There's also the problem of what is defined as "mostly unencumbered," which can be circumvented by requiring that all assets be licensed under CC0-1.0. So unless there's a particularly important reason why other licenses should be allowed, I would prefer if CC0 was required, to remove the hassle of checking and abiding by various licenses, and to avoid ambiguity.

SamWilsn commented 2 years ago

Ah, yes, sorry. Any portion of the eip-X.md file MUST be CC0, including code blocks. I'd suspect that most EIPs directly include their interfaces in that file.

There's also the problem of what is defined as "mostly unencumbered,"

I actually think this is the easiest part. This is the list of licenses I would propose off the top of my head: Apache-2.0, BSD-3-Clause, BSD-2-Clause, MIT, CC0-1.0, CC-BY-1.0, CC-BY-2.0, CC-BY-2.5, CC-BY-3.0, CC-BY-4.0, ISC, Unlicense, and whatever the IETF RFC license is called. Adding any other licenses would be a change to EIP-1, and would be open for debate.

reason why other licenses should be allowed

Reference implementations are... more complex than interfaces. I guess my arguments for allowing less permissive licenses are basically:

Pandapip1 commented 2 years ago

Okay, I would like to revise my opinion: Asset files should be CC0 unless there is a good reason for them not to be (borrowing code from another project, etc...)

LanceSnow commented 2 years ago

Thanks for the reminder, we will finish the modification as soon as possible: MIT > CC0

Pandapip1 commented 2 years ago

Thanks for the reminder, we will finish the modification as soon as possible: MIT > CC0

Actually, CC0 should be preferred over MIT

MicahZoltu commented 2 years ago

I'm pretty strongly in favor of requiring CC0. While I can appreciate the points made above by @SamWilsn, they don't outweigh the points made by @Pandapip1 for me personally.
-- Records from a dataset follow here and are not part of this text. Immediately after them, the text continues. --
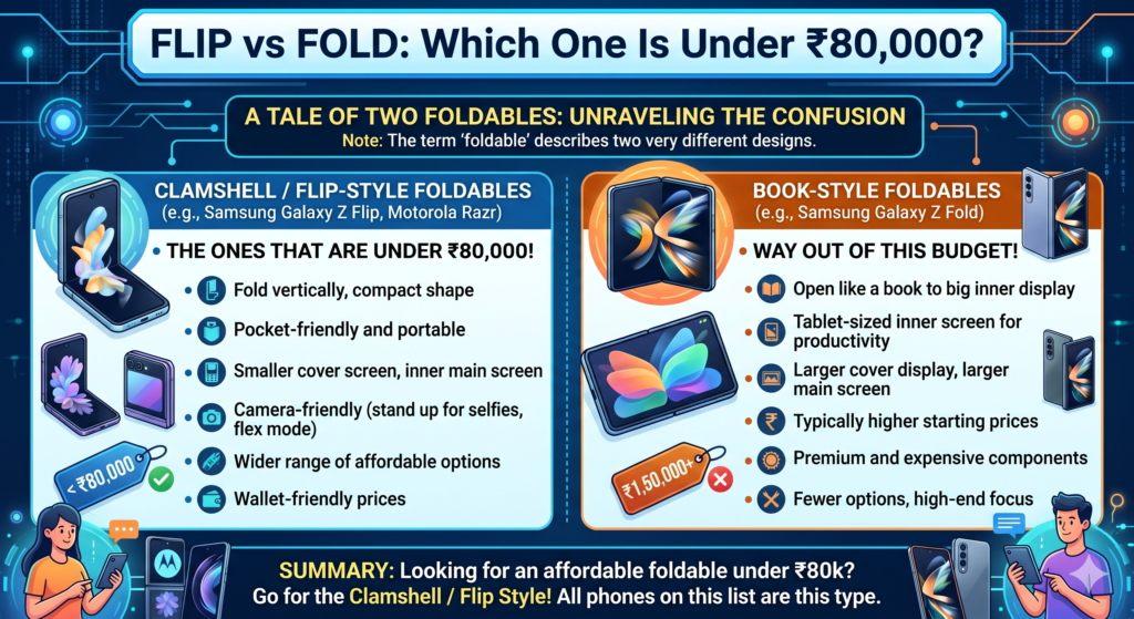 - Clamshell / flip-style foldables fold vertically like the old flip phones. Think Motorola Razr or Samsung Z Flip. These are the ones that actually fit under ₹80,000.
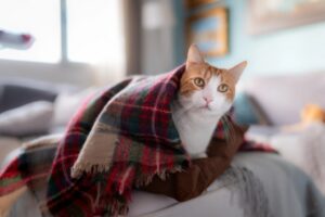 cat keeping warm indoors with a blanket and oil heat HVAC system
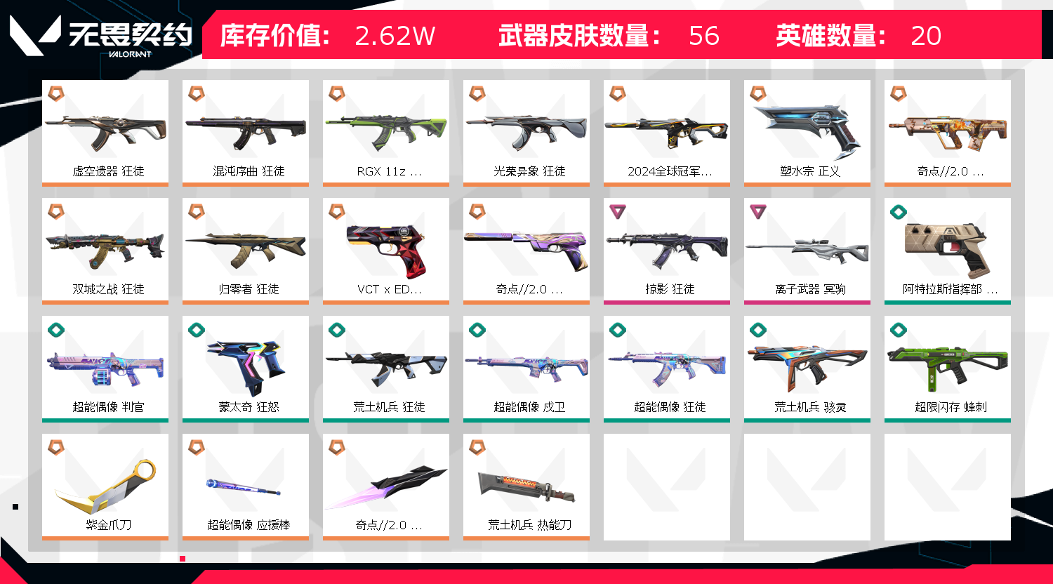 你好;紫金爪刀,虚空遗器 狂徒,掠影 狂徒,RGX 11z Pro 狂徒,混沌序曲 狂徒,光荣异象 狂徒,2024全球冠军赛 幻影,
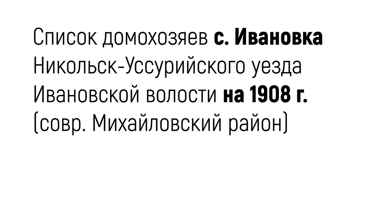 Список жителей села Ивановка Никольск-Уссурийского уезда Ивановской волости (неполный) указан в подписантах к документу «Приговор сельского схода с. Ивановки о расширении училища» от 16 ноября 1908 г. Сидор Должиков,
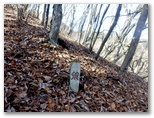 山頂標はありませんが「水源の森林」と書かれた白い杭が立っていました。今その源頭である分水嶺に立っています。ここに降った雨は神奈川県の水源とるので、私も飲んだかもしれません。リュックの中の魔法瓶にも入っているかも知れません。私はまだ熱かった紅茶を飲み、落ち葉の上に仰向けに寝て、空を見つめました。気分は爽快、枯葉のぬくもりも快適。山との接触面積を最大にして、山に抱かれる感覚を楽しみました。もちろん、ヤマビルの心配はありません。

Getting into the licensing game is a huge can of worms that we can avoid by just saying everything must be CC0.

Pragmatically, I suspect that the vast majority of EIP authors who have pre-existing code they want to include likely can/will just change MIT to CC0 and be done with it. For the few cases where someone can't do that for some reason, one should be able to implement from scratch via the specification. If the author is unable to write a reference implementation from the specification that is an indicator that the specification is too complicated.

Also, requiring CC0 helps keep the reference implementations pretty slim, as people can't just copy/paste huge swaths of OpenZeppelin libraries into the assets directory (which I generally don't think is what people should be doing).

Pandapip1 commented 2 years ago

I would not require CC0. I would state that files in the assets folder should be CC0, and that they must be CC0 unless an EIP editor provides an exception.

poojaranjan commented 2 years ago

@TimDaub As suggested in the EIPIP meeting, split the issue to collect comments separately and we can bring it on the next EIPIP to continue discussing

  1. Licensing issue
  2. Linting code
poojaranjan commented 2 years ago

Based on above suggestion form the EIPIP meeting, closing this issue.